### THE PROBLEM
When you copy the data, keep every line exactly as written and skip the pictures.

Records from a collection
────
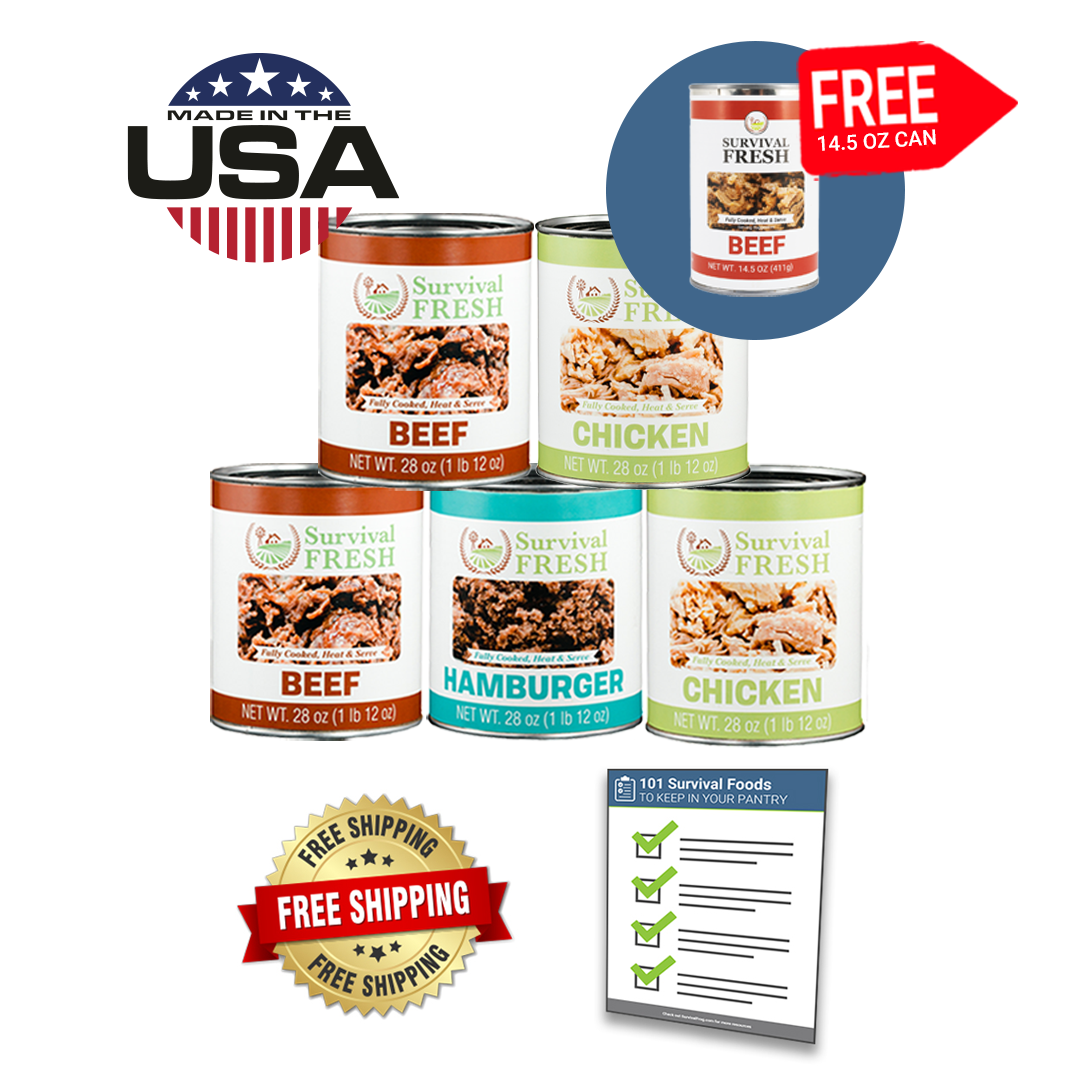 The Canned Meat Starter Pack includes 2X 28oz Chicken, 2X 28oz Beef, 1X 28 oz Hamburger Ground Beef, PLUS 1X bonus 14.5oz Can of Beef.
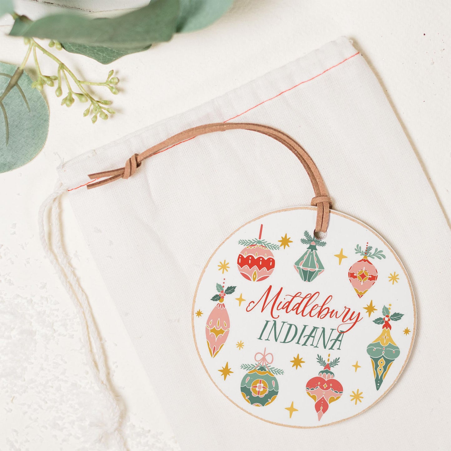 Celebrate the charm of Middlebury, Indiana, with our beautifully handcrafted 4-inch round ornaments, made with care in Laurel, Mississippi. Each ornament is designed to reflect the spirit of this beloved community, bringing warmth and joy to your seasonal celebrations. Perfect for adorning your holiday tree or adding a touch of festive cheer year-round, these ornaments invite delightful nostalgia into any space.
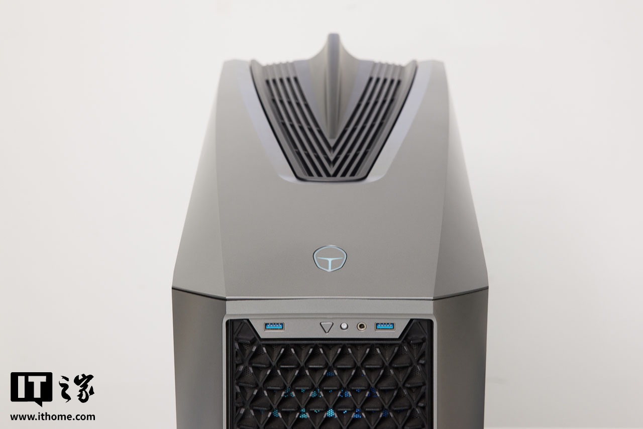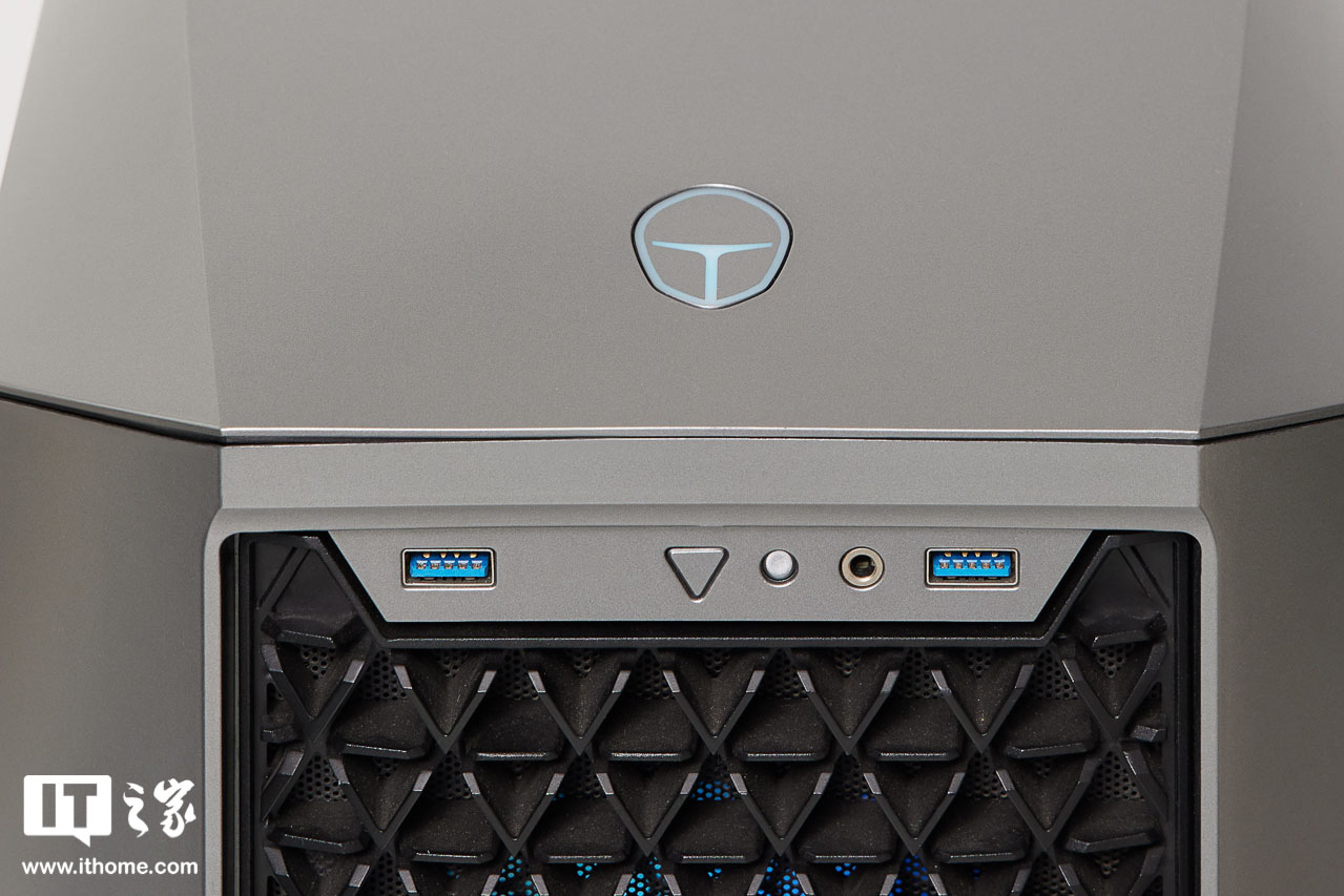 前面板顶部的接口区域设计为倒梯形,提供 2 个 USB3.0 A 口,一个三角形灯光同步按钮、1 个 3.5mm 音频接口,方便用户外接耳机和硬盘等设备。
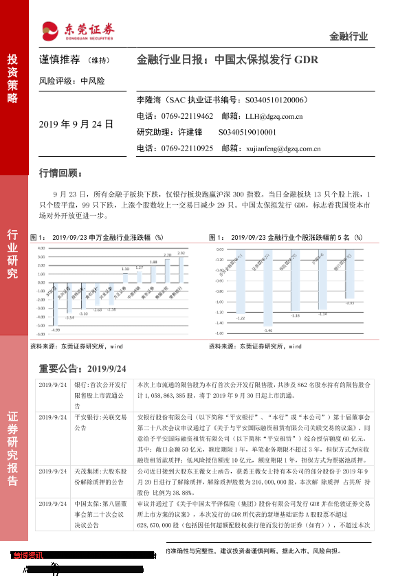 【东莞证券】【20190924】金融行业日报:中国太保拟发行GDR-4页
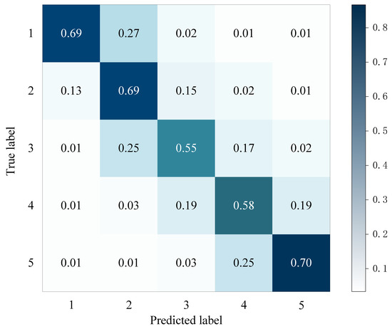 We conducted experiments on the Yelp multimodal dataset to compare the performance of our proposed model with the sentiment classification baseline methods mentioned earlier. Accuracy was used as the evaluation metric. Table 6 displays the structural characteristics of each method. The experimental results, which are presented in Table 7, indicate that our proposed UsbVisdaNet model outperforms the other methods in terms of average accuracy. Our model achieved an accuracy that is about 5% higher than GAFN. Furthermore, our model outperformed the previous state-of-the-art (SOTA) model, GAFN, achieving the highest accuracy performance on the Los Angeles dataset, with an accuracy approximately 7% higher than that of GAFN. The model’s predictive performance on different ratings can be seen in the confusion matrix of UsbVisdaNet on the test dataset, which is presented in Figure 6.
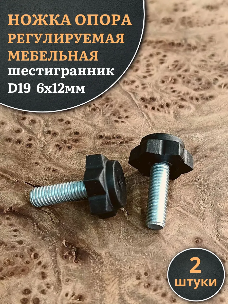 Ножка опора D19 М6х12 регулируемая мебельная под шестигранник 2 шт
────
### ANSWER FOR THIS EXERCISE
 The Canned Meat Starter Pack includes 2X 28oz Chicken, 2X 28oz Beef, 1X 28 oz Hamburger Ground Beef, PLUS 1X bonus 14.5oz Can of Beef.
 Celebrate the charm of Middlebury, Indiana, with our beautifully handcrafted 4-inch round ornaments, made with care in Laurel, Mississippi. Each ornament is designed to reflect the spirit of this beloved community, bringing warmth and joy to your seasonal celebrations. Perfect for adorning your holiday tree or adding a touch of festive cheer year-round, these ornaments invite delightful nostalgia into any space.
 前面板顶部的接口区域设计为倒梯形,提供 2 个 USB3.0 A 口,一个三角形灯光同步按钮、1 个 3.5mm 音频接口,方便用户外接耳机和硬盘等设备。
 【东莞证券】【20190924】金融行业日报:中国太保拟发行GDR-4页
 We conducted experiments on the Yelp multimodal dataset to compare the performance of our proposed model with the sentiment classification baseline methods mentioned earlier. Accuracy was used as the evaluation metric. Table 6 displays the structural characteristics of each method. The experimental results, which are presented in Table 7, indicate that our proposed UsbVisdaNet model outperforms the other methods in terms of average accuracy. Our model achieved an accuracy that is about 5% higher than GAFN. Furthermore, our model outperformed the previous state-of-the-art (SOTA) model, GAFN, achieving the highest accuracy performance on the Los Angeles dataset, with an accuracy approximately 7% higher than that of GAFN. The model’s predictive performance on different ratings can be seen in the confusion matrix of UsbVisdaNet on the test dataset, which is presented in Figure 6.
 Ножка опора D19 М6х12 регулируемая мебельная под шестигранник 2 шт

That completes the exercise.